Re: [PATCH] checkpatch.pl: Relax commit ID check to allow more than 12 chars

From: Linus Torvalds
Date: Sun Feb 05 2023 - 15:38:48 EST


On Sat, Feb 4, 2023 at 8:58 AM Joe Perches <joe@xxxxxxxxxxx> wrote:
>
> btw: it looks like 12 will still be sufficient for awhile yet

To be honest, that's actually closer to the 12-digit limit than I was expecting.

The git heuristics are pretty good, and it sounds like 13 hex digits
is already starting to happen, so maybe we should relax things.

That said, "up to 16" does sound questionable.

We're talking exponential growth by number of digits, so saying "let's
go from 12 to 16" is a *huge* jump. And I'd like to keep people doing
fewer digits just because these things get used in free-flowing prose,
and we have the whole line wrapping issue and things just get uglier
at some point.

So we're closing in on two decades of git use, and we are not that far
from having 10 million objects in our git database (for the base
tree). Sure, that's a lot of objects, but to a close approximation
the object count grows _largely_ linearly with time.

Considering that git is actually pretty good at handling the ambiguous
case anyway, I'd say go up at *most* to 14 digits.

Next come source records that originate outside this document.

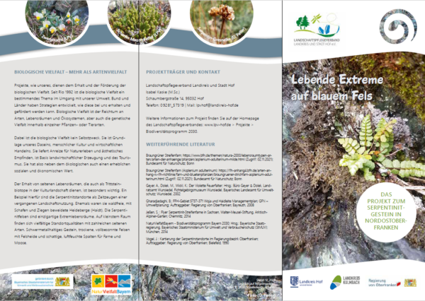 Nun hat der LPV unter dem Titel „Lebende Extreme auf blauem Fels“ einen Flyer herausgegeben, der über das Biodiversitätsprojekt zum Serpentinitgestein in Nordostoberfranken sowie über diesen einzigartigen Lebensraum informiert. Darin werden u. a. die Besonderheiten des Serpentinits erklärt und seine schützenswerte Pflanzen- und Tierwelt dargestellt. Interessierte Leserinnen und Leser erfahren so z.B. mehr über den Braungrünen Streifenfarn, die Serpentin-Grasnelke und den Violetten Feuerfalter.
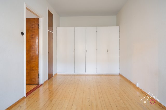 - Makuuhuoneessa on alkuperäinen vaatekaappi seinän sisässä + jälkeenpäin asennettu erillinen vaatekaapisto. Makuuhuoneen lattia on puuta ja seinät on maalattu.
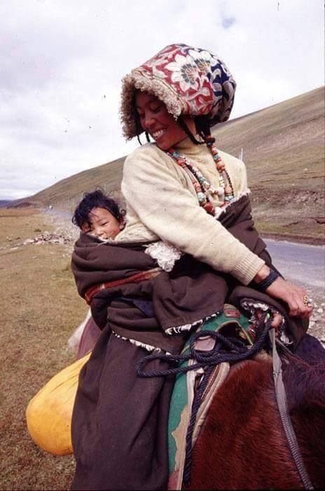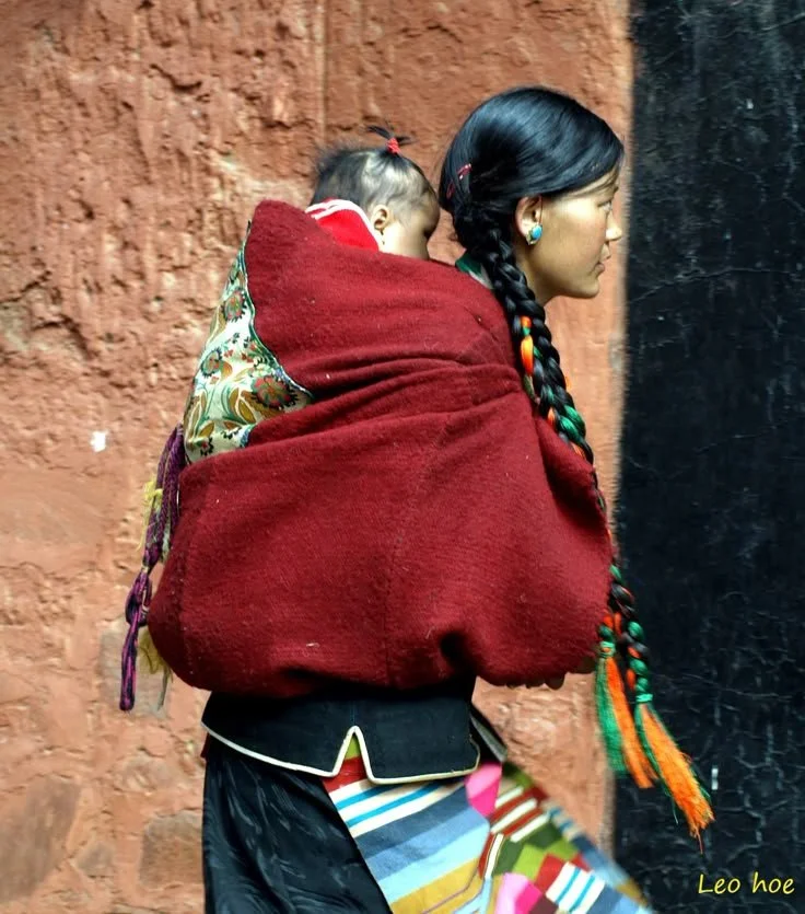 This striking image shows a Tibetan mother carrying her baby in a richly layered traditional wrap. In Tibetan culture, babies are often secured on the caregiver’s back using warm, thick cloths and intricately decorated textiles that reflect the region’s deep connection to color, symbolism, and spiritual life. The baby rests snugly against the mother, sharing her body warmth while moving through high mountain villages or bustling monasteries. The bright woven tassels and carefully braided hair express both beauty and cultural pride. To be carried this way is to be enveloped in warmth, protected by family traditions, and introduced to the world from a place of security and love.
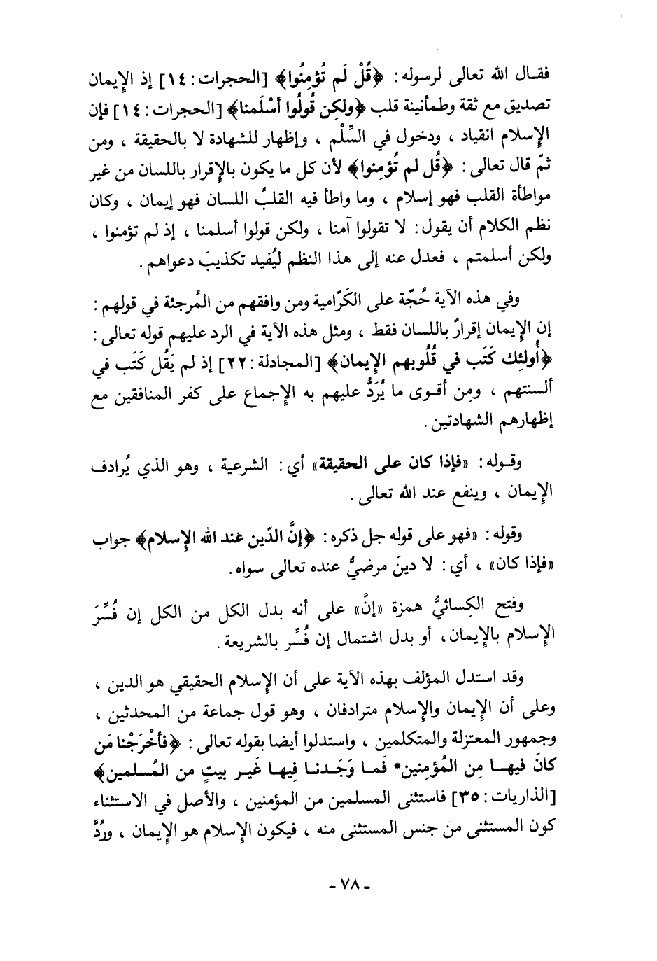 وقد استدل المؤلف بهذه الآية على أن الإِسلام الحقيقي هو الدين، وعلى أن الإِيمان والإِسلام مترادفان، وهو قول جماعة من المحدثين، وجمهور المعتزلة والمتكلمين، واستدلوا أيضًا بقوله تعالى: {فَأَخْرَجْنَا مَنْ كَانَ فِيهَا مِنَ الْمُؤْمِنِينَ (35) فَمَا وَجَدْنَا فِيهَا غَيْرَ بَيْتٍ مِنَ الْمُسْلِمِينَ} [الذاريات: 35] فاستثنى المسلمين من المؤمنين، والأصل في الاستثناء كون المستثنى من جنس المستثنى منه، فيكون الإِسلام هو الإِيمان، ورُدَّ
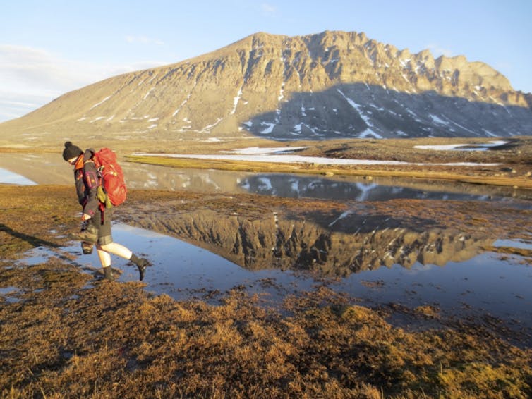 Despite its icy image, the margins of Greenland are actually quite boggy, complete with swarms of mosquitoes. This is the “active layer”, made up of peaty soil and sediment up to two metres thick, which temporarily thaws during the summer. The underlying permafrost, which can reach depths of 100m, remains permanently frozen.
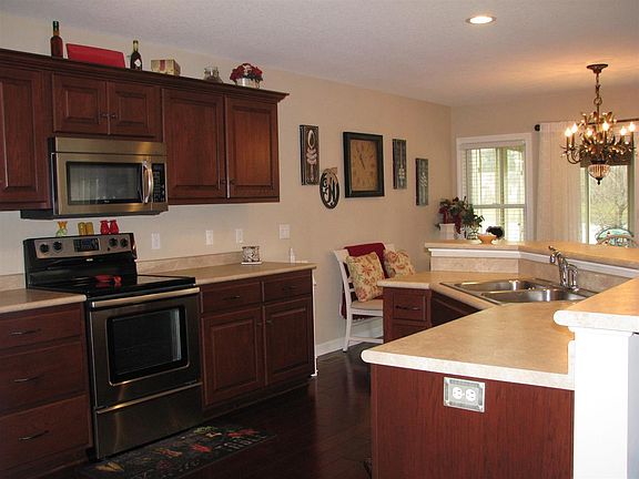 Like living at the lake, without the drive. Enjoy the serenity of the waterfront views from almost every room in this pristine great room ranch. Inviting large foyer leads to the totally open great room - kitchen - dining area. Big kitchen island provides setting for four bar stools. Spacious master bedroom with a deluxe mater bath. All three bedrooms feature walk-in closets and closet tamer shelving. Custom Grabill cabinets and beautiful hardwood floors. The enclosed three season porch is the perfect place to enjoy the water view. Come take a look, you will be impressed!
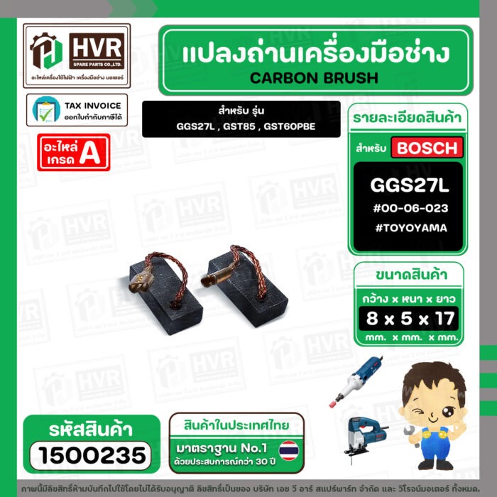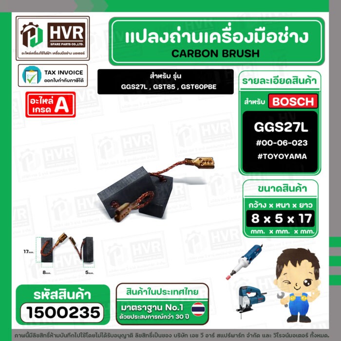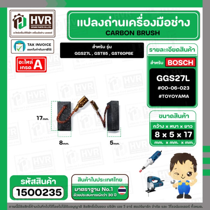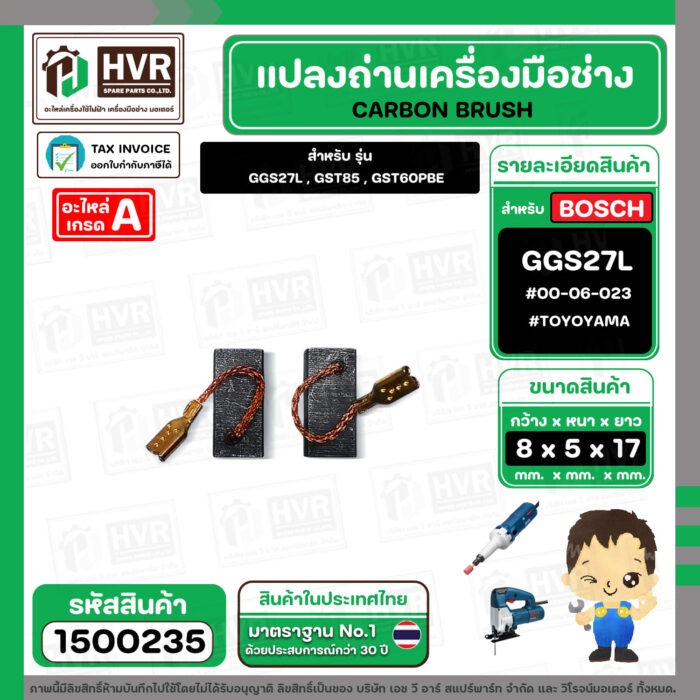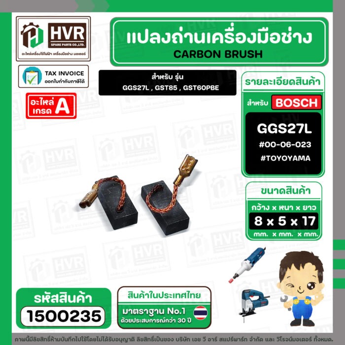 แปรงถ่าน สำหรับ BOSCH GGS27L , GST85 , GST60PBE (TOYOYAMA ) ( 5 x 8 x 17 ) #00-06-023 (ราคา / 1 ชุด) #1500235
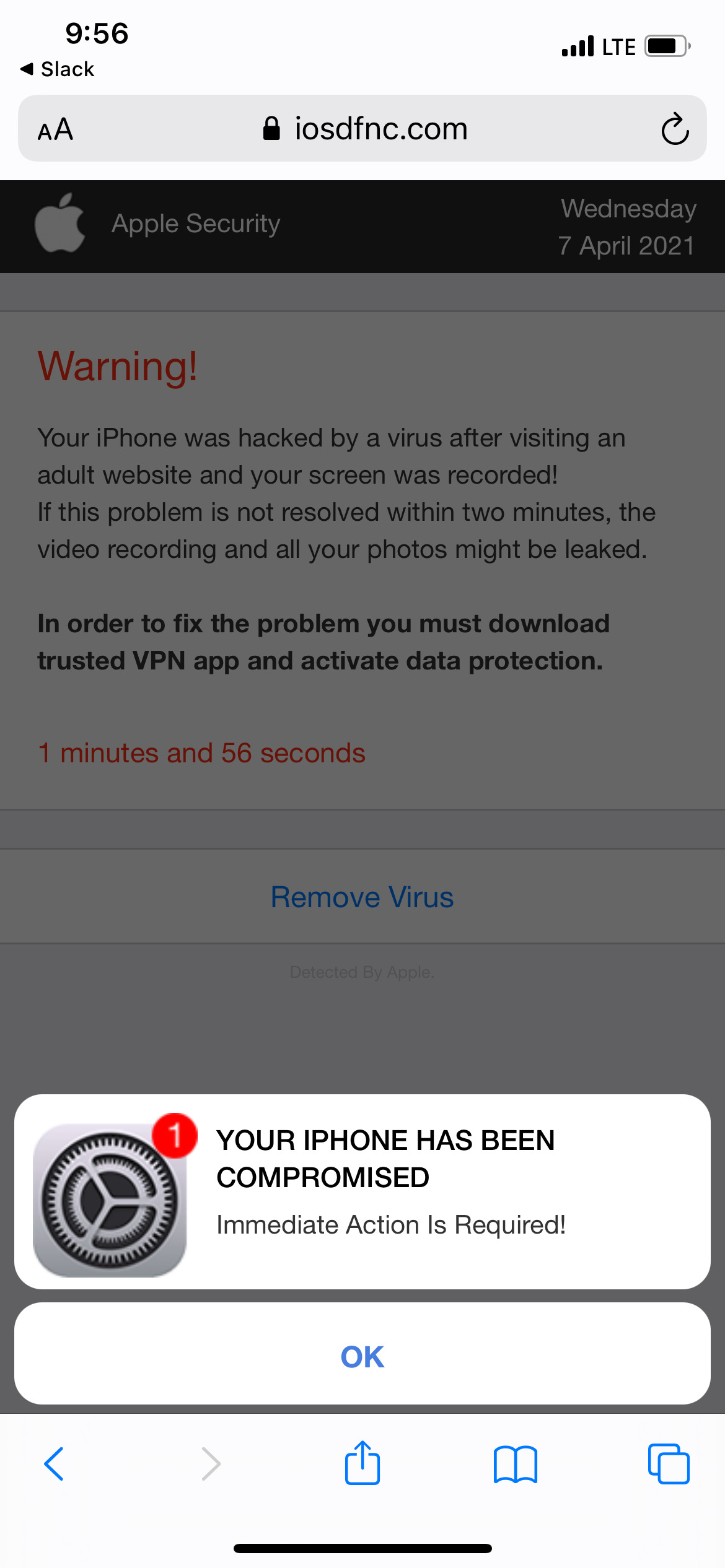 Most of these campaigns are going to lure the victim to the app store listing for obscure Security / Safety / VPN apps that are loaded with hidden subscription costs or siphon off traffic for nefarious ends.

I just checked my current tip-of-tree, and I needed to go down to
*five* digits to have git start complaining about ambiguous object
names:

[torvalds@ryzen linux]$ git show c608f
error: short object ID c608f is ambiguous
hint: The candidates are:
hint: c608f6b58f30 commit 2023-02-05 - Merge tag 'usb-6.2-rc7' of
git://git.kernel.org/pub/scm/linux/kernel/git/gregkh/usb
hint: c608f14fb0ee tree
hint: c608fccf692f tree
hint: c608f76e5753 blob
hint: c608fa168fe6 blob
hint: c608fd96771c blob

and maybe that was pure luck, but looking at your stats it does look
like "6 digits is still unique for most objects", I really think that
we're better off with shorter and visually easier numbers than going
overboard.

Note above how even with just 5 digits, it's still unique in actual
commits, so from a *practical* standpoint even five digits are fine
(because normal human communication doesn't talk about the blob or
tree commits).

If this was some case of "when you hit the limit, things break
horribly badly", that would be one thing. But that not even being true
means that things like line wrapping and just visuals matter.

So I think 12 digits likely still work just fine for another decade or
two, but yes, we're at the point where we might want to start thinking
about 13 or 14.

Linus